Why do music streaming services like Pandora, Google Play, and Spotify place so many restrictions on users?
According to the Recording Industry Association of America (RIAA), which represents the major music industry labels, streaming music helped drive an 11% increase in music sales in 2016. Streaming revenues increased 69%, representing a majority of the industry’s sales (51%) for the first time in history. This figure represents a dramatic shift from the early 2000’s when more than 80% of revenues came from the sale of physical copies (CDs, Vinyls, and Videos). The digital revolution has transformed the music industry over a few short decades, allowing on-demand wireless access with the touch of a button.
With options ranging from Pandora and Spotify to Slacker and Tidal, the sheer number of service providers and plans can be intimidating. While technology continues to advance at a dizzying pace, lawmakers have struggled to keep up. As a result, content providers have developed unique business models in response to evolving copyright laws.

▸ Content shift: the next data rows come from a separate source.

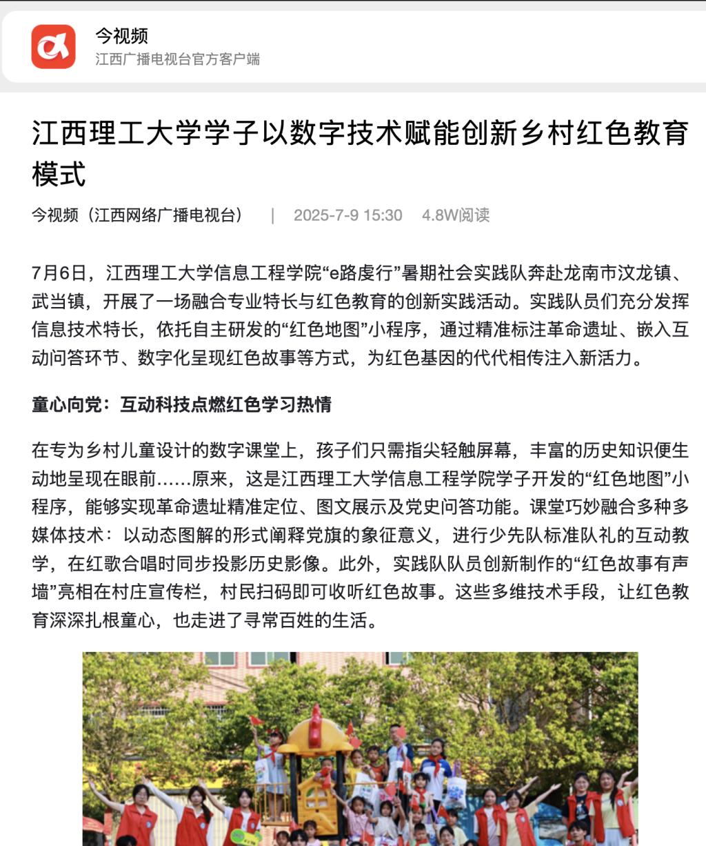 7月6日,完美网页版信息工程学院“e路虔行”暑期社会实践队奔赴龙南市汶龙镇、武当镇,开展了一场融合专业特长与红色教育的创新实践活动。实践队员们充分发挥信息技术特长,依托自主研发的“红色地图”小程序,通过精准标注革命遗址、嵌入互动问答环节、数字化呈现红色故事等方式,为红色基因的代代相传注入新活力。
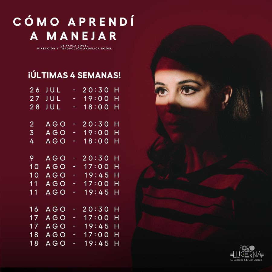 Es la sexta obra de la dramaturga estadounidense Paula Vogel, texto que le otorgó el Premio Pulitzer en el año de 1998. How I learned to drive, su título en inglés, es un texto que impactó desde sus primeros montajes en el Vineyard Theatre en Nueva York y que ahora, casi 30 años después, aterriza en escenarios mexicanos para mostrar la atemorizante atemporalidad y universalidad de sus problemáticas.
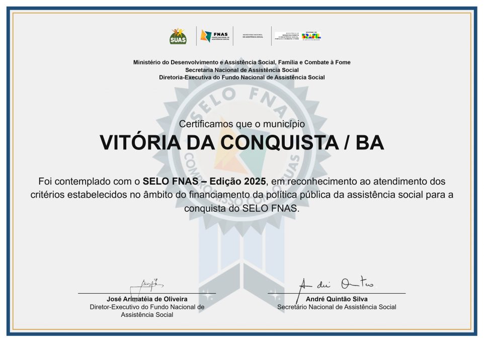 Vitória da Conquista é uma das cidades brasileiras certificadas com o Selo FNAS 2025. A premiação, que reconhece a excelência na execução financeira, orçamentária, contábil e regulatória, bem como a qualidade da política de assistência social (Suas) desenvolvida no município, é concedida pelo Ministério do Desenvolvimento e Assistência Social, Família e Combate à Fome (MDS), do Governo Federal.
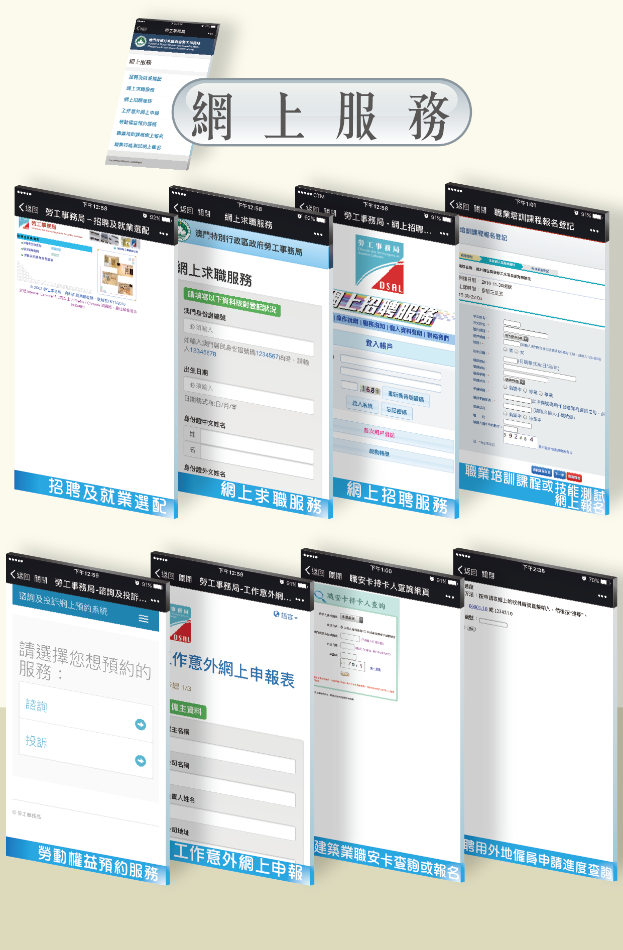 網上服務包括:招聘及就業選配、網上求職及招聘服務、工作意外網上申報、勞動權益預約服務、職業培訓課程或技能測試網上報名、建築業職安卡查詢或報名以及聘用外地僱員申請進度查詢等。

How is music streaming currently regulated?
The Digital Millennium Copyright Act (DMCA) made many changes to the U.S. Copyright Act in response to the mounting challenges of a digital world. Among these changes, the DMCA laid out the guidelines for ephemeral(temporary) recordings and the “webcasting” of sound recordings on the Internet.
Under the DMCA, webcasters are required to obtain two compulsory licenses in order to cast sound recordings over the web. 17 U.S.C. § 114 requires webcasters to obtain a license for the actual sound recording, known as the “Section 114 License.” 17 U.S.C. § 112 further requires webcasters to license the right to create ephemeral copies to facilitate the transmission of sound recordings, known as the “Section 112 License.” No matter the subscription format, webcasters must obtain both licenses to avoid violating U.S. Copyright Law.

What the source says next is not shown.